CREATE TABLE sales_q1_2006 PARALLEL COMPRESS AS SELECT * FROM sales WHERE 0 = 1; /* This would be the regular ETL job */ ALTER SESSION ENABLE PARALLEL DML; INSERT /* PARALLEL qs */ INTO sales_q1_2006 qs SELECT /* PARALLEL s */ prod_id , cust_id , add_months(time_id,3) , channel_id , promo_id , quantity_sold , amount_sold FROM sales PARTITION(sales_q4_2005) s; COMMIT; CREATE BITMAP INDEX bmp_indx_prod_id ON sales_q1_2006 (prod_id); CREATE BITMAP INDEX bmp_indx_cust_id ON sales_q1_2006 (cust_id); CREATE BITMAP INDEX bmp_indx_time_id ON sales_q1_2006 (time_id); CREATE BITMAP INDEX bmp_indx_channel_id ON sales_q1_2006 (channel_id); CREATE BITMAP INDEX bmp_indx_promo_id ON sales_q1_2006 (promo_id); ALTER TABLE sales_q1_2006 ADD CONSTRAINT sales_q_prod_fk FOREIGN KEY (prod_id) REFERENCES products(prod_id) ENABLE NOVALIDATE; ALTER TABLE sales_q1_2006 ADD CONSTRAINT sales_q_cust_fk FOREIGN KEY (cust_id) REFERENCES customers(cust_id) ENABLE NOVALIDATE; ALTER TABLE sales_q1_2006 ADD CONSTRAINT sales_q_time_fk FOREIGN KEY (time_id) REFERENCES times(time_id) ENABLE NOVALIDATE; ALTER table sales_q1_2006 ADD CONSTRAINT sales_q_channel_fk FOREIGN KEY (channel_id) REFERENCES channels(channel_id) ENABLE NOVALIDATE; ALTER table sales_q1_2006 ADD CONSTRAINT sales_q_promo_fk FOREIGN KEY (promo_id) REFERENCES promotions(promo_id) ENABLE NOVALIDATE; BEGIN DBMS_STATS.GATHER_TABLE_STATS('SH','SALES_Q1_2006'); END; /
Create and load a separate table to be exchanged with a partition in the materialized view.
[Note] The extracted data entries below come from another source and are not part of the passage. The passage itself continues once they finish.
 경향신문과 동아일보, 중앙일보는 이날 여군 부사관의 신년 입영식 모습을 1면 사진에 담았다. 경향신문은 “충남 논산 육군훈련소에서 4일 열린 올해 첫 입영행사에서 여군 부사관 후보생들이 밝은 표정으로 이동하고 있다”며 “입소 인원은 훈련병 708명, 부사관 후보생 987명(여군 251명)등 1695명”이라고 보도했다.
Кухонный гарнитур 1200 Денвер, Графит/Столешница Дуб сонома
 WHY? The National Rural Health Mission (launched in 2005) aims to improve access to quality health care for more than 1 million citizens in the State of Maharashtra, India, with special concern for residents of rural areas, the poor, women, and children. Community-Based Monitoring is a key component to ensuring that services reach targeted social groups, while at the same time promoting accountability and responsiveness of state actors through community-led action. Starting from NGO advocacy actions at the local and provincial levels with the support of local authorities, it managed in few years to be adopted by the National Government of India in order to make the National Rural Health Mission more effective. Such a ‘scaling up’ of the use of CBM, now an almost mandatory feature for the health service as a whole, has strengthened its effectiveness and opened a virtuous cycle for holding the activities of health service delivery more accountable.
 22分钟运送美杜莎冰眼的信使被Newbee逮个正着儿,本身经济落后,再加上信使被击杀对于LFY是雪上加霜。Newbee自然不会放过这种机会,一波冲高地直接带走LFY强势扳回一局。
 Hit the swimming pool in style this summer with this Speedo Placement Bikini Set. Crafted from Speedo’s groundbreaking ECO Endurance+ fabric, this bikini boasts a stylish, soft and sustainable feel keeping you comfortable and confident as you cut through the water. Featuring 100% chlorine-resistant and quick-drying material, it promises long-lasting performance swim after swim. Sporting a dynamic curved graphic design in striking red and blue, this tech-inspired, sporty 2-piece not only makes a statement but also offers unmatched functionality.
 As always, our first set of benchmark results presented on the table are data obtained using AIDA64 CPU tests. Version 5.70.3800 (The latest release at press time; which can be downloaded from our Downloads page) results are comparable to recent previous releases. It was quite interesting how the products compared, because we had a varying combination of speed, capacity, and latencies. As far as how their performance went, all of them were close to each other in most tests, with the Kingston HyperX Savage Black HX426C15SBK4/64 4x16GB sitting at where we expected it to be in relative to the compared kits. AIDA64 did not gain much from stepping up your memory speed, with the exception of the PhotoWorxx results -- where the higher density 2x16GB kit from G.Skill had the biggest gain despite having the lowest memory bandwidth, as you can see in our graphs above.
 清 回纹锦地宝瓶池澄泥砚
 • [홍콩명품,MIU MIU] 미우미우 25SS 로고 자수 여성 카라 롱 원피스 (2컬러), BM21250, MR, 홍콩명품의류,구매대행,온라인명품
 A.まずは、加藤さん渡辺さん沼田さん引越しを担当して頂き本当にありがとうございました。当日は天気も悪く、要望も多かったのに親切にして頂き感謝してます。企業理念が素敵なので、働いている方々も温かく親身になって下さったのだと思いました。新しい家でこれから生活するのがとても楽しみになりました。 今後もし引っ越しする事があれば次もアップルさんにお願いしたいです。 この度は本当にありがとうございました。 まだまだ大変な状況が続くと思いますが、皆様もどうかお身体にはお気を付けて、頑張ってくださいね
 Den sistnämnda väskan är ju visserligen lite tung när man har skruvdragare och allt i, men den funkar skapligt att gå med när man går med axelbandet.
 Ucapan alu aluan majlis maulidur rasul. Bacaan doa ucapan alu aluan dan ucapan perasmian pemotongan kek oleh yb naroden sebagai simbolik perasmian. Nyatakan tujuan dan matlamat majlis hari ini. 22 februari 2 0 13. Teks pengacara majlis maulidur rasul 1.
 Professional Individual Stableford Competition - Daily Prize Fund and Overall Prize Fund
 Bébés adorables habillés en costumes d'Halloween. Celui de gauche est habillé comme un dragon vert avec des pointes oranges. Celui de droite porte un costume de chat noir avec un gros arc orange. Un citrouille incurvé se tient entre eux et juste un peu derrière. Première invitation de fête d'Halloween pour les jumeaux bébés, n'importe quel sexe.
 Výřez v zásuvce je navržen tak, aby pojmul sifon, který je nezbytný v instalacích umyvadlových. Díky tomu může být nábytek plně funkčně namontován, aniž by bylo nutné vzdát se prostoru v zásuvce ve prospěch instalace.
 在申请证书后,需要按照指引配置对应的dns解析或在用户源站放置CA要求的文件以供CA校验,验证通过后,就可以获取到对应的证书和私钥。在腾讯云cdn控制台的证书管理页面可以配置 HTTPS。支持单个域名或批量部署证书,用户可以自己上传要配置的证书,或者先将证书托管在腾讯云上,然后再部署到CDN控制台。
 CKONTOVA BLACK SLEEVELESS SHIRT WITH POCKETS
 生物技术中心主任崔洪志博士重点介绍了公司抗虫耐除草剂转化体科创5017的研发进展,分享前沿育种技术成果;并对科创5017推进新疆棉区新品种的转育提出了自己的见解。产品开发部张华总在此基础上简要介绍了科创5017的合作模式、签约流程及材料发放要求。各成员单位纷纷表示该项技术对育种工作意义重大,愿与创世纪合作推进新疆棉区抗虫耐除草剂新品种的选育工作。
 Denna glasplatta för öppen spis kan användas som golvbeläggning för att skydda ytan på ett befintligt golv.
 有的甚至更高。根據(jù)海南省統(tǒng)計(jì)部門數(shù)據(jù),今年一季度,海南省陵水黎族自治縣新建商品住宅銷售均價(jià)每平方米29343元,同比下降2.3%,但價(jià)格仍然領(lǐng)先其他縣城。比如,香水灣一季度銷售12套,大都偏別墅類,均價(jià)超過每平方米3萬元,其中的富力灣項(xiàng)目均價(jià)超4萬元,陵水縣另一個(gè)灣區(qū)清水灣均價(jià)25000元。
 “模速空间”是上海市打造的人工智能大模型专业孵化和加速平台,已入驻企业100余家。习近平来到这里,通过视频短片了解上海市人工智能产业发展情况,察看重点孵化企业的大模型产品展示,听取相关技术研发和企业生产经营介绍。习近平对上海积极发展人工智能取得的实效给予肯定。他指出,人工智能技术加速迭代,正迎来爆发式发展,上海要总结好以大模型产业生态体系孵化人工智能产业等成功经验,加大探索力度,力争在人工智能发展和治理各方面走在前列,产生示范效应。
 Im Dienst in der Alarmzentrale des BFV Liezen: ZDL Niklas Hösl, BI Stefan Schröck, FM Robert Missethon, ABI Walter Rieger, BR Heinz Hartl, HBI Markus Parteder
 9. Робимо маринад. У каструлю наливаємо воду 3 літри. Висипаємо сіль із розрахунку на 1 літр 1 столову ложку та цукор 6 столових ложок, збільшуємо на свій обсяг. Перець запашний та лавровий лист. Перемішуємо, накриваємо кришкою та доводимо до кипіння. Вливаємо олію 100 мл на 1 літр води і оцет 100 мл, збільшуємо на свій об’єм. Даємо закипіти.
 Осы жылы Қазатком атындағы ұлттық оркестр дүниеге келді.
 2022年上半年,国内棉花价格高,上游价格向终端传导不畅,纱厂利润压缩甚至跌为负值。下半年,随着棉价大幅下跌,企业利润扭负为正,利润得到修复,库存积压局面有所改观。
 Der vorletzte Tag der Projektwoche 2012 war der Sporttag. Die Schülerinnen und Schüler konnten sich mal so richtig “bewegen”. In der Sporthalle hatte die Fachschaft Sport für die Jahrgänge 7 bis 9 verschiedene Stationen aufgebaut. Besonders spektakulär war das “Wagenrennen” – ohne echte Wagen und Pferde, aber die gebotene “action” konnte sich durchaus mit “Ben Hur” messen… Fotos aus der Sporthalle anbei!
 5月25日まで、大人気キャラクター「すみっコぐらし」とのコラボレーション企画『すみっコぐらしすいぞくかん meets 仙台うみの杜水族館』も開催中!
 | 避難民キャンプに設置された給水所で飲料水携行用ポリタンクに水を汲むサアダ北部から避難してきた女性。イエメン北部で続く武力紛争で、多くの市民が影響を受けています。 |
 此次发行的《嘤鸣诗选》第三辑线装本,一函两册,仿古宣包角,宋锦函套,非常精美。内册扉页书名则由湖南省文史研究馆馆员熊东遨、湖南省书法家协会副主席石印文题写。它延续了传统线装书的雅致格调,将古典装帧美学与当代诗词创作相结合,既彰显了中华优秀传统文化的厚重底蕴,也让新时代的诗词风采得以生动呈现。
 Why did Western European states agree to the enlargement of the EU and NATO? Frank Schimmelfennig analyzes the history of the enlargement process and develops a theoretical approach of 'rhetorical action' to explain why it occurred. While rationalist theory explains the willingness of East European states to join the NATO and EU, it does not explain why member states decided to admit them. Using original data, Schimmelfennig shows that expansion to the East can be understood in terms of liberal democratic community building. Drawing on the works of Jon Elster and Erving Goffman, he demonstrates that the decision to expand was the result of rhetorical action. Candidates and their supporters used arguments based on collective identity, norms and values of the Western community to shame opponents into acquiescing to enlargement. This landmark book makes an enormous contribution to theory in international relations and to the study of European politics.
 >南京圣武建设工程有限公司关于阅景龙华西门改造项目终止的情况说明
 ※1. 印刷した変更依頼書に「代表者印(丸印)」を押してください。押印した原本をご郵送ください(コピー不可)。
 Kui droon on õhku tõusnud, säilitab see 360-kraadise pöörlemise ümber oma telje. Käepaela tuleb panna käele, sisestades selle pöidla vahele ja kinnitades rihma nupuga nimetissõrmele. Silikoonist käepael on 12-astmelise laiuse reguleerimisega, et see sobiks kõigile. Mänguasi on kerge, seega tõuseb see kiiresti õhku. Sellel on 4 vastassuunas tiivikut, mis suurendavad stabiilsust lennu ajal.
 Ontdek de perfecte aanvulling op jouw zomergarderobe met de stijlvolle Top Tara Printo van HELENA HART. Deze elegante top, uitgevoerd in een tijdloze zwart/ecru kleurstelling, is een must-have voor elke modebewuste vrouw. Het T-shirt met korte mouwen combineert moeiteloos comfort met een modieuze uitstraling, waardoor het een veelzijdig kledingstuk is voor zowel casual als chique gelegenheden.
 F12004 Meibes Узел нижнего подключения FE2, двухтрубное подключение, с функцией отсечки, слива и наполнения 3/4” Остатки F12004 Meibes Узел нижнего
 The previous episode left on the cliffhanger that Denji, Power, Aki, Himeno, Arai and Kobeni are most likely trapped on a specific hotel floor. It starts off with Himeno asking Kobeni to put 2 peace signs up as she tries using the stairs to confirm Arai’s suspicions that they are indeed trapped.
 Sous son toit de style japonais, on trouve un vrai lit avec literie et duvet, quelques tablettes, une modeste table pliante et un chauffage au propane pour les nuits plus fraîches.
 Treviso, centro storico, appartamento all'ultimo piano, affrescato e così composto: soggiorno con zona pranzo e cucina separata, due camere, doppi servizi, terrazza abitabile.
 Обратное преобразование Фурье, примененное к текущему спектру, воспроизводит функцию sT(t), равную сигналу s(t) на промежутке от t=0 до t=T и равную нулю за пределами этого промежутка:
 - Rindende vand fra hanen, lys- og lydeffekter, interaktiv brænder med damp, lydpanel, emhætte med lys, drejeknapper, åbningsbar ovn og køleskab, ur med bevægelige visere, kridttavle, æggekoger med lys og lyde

CREATE TABLE sales_mv_q1_2006 PARALLEL COMPRESS AS SELECT * FROM sales_prod_cust_mv WHERE 1 = 0; ALTER SESSION ENABLE PARALLEL DML; INSERT /*+ PARALLEL smv */ INTO sales_mv_q1_2006 smv SELECT /*+ PARALLEL s PARALLEL c */ s.time_id , s.prod_id , p.prod_name , s.cust_id , cust_first_name , c.cust_last_name , SUM(s.amount_sold) , SUM(s.quantity_sold) FROM sales_q1_2006 s , products p , customers c WHERE s.cust_id = c.cust_id AND s.prod_id = p.prod_id GROUP BY s.time_id , s.prod_id , p.prod_name , s.cust_id , c.cust_first_name , c.cust_last_name; COMMIT;
Gather statistics.
BEGIN DBMS_STATS.GATHER_TABLE_STATS('SH','SALES_MV_Q1_2006'); END;
Exchange the partitions.
ALTER TABLE sales EXCHANGE PARTITION sales_q1_2006 WITH TABLE sales_q1_2006 INCLUDING INDEXES WITHOUT VALIDATION; ALTER TABLE sales_prod_cust_mv EXCHANGE PARTITION p2006q1 WITH TABLE sales_mv_q1_2006 INCLUDING INDEXES WITHOUT VALIDATION;
Inform the database that the materialized view is fresh again.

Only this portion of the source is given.